▶ _Work instruction_
Exactly the lines from the one containing "睡衣女纯棉春秋长袖圆领全棉韩版卡通少女宽松休闲家居服套装 芬腾" through the end of the listing must make up the answer, with no pictures included.

▶ _Information shown_
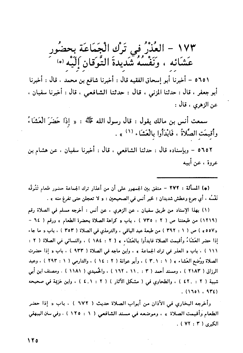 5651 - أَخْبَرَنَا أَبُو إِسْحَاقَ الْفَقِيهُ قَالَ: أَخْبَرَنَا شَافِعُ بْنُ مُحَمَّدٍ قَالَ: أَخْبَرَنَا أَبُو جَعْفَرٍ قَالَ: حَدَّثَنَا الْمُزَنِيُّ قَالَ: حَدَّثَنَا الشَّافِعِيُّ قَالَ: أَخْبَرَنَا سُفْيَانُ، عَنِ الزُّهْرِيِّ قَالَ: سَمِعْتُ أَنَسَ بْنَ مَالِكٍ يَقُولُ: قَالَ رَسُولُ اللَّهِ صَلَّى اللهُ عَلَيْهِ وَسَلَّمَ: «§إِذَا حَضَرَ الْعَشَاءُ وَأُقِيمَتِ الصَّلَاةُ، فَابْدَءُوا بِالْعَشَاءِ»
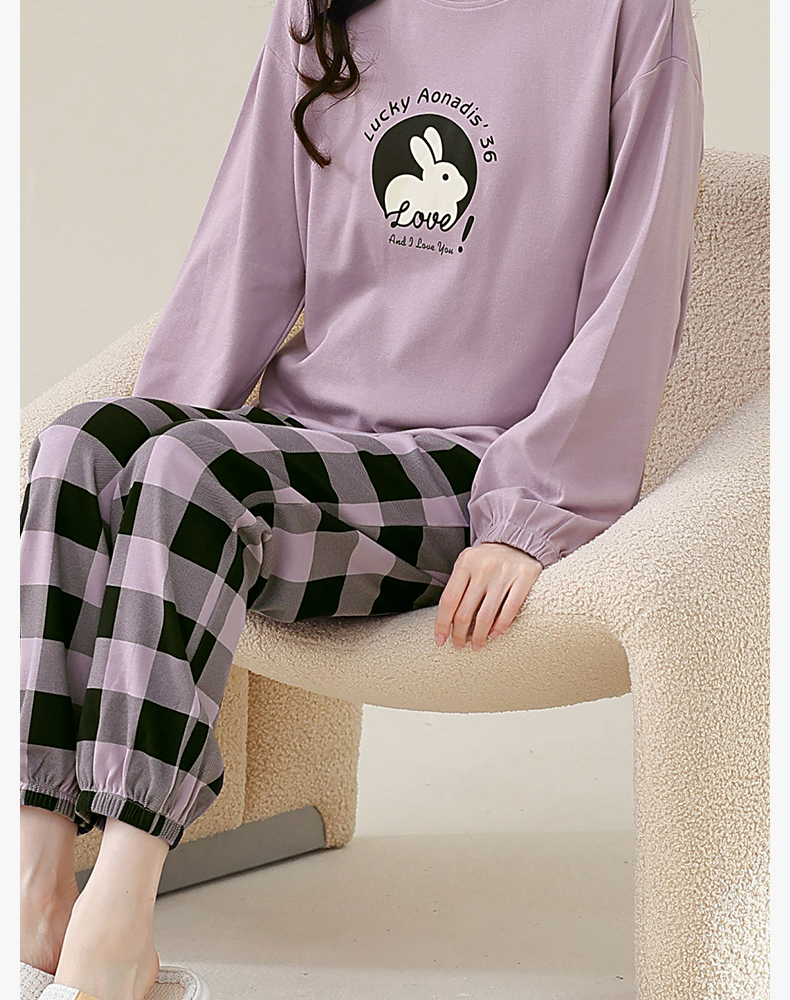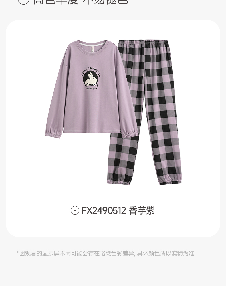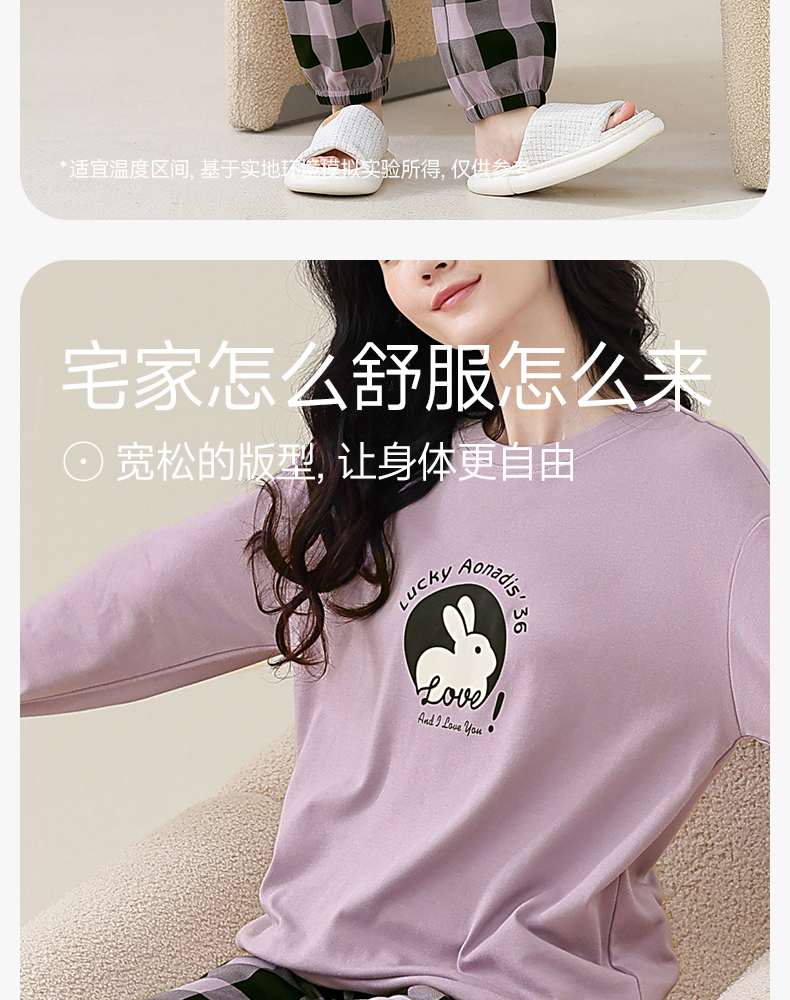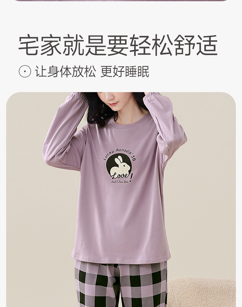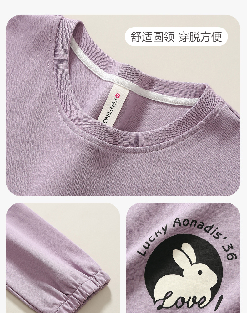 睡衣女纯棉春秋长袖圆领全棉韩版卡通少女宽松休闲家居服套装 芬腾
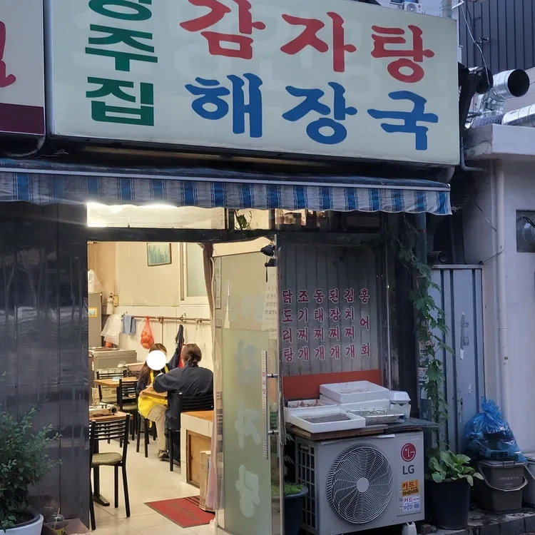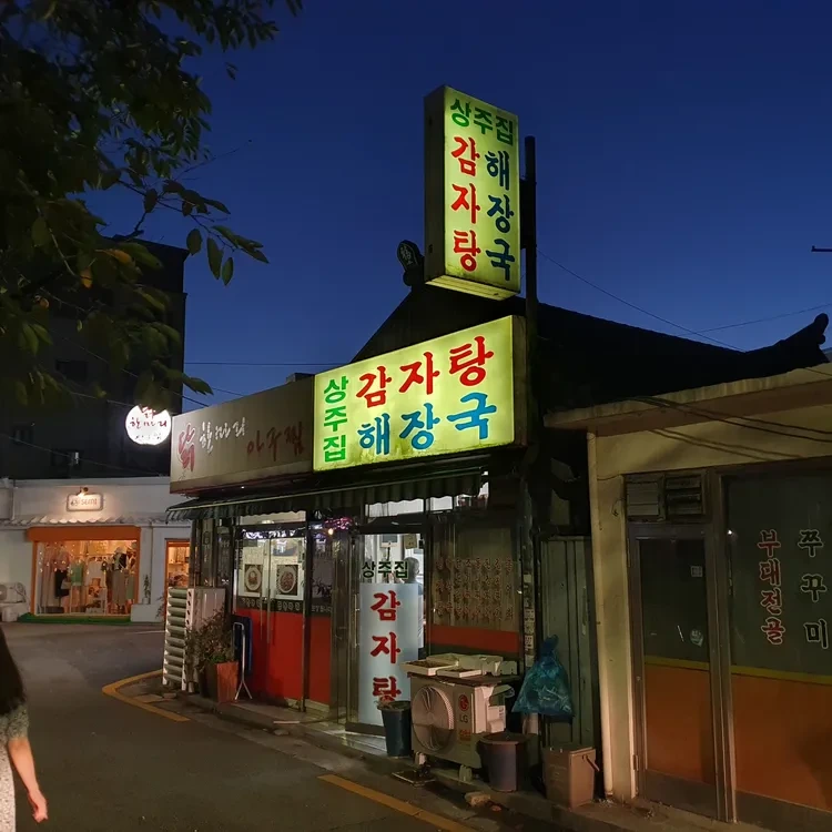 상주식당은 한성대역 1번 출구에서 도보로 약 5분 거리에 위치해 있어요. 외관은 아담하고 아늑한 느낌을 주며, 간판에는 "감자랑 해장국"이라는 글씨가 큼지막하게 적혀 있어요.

▶ _Your response_
 睡衣女纯棉春秋长袖圆领全棉韩版卡通少女宽松休闲家居服套装 芬腾
 상주식당은 한성대역 1번 출구에서 도보로 약 5분 거리에 위치해 있어요. 외관은 아담하고 아늑한 느낌을 주며, 간판에는 "감자랑 해장국"이라는 글씨가 큼지막하게 적혀 있어요.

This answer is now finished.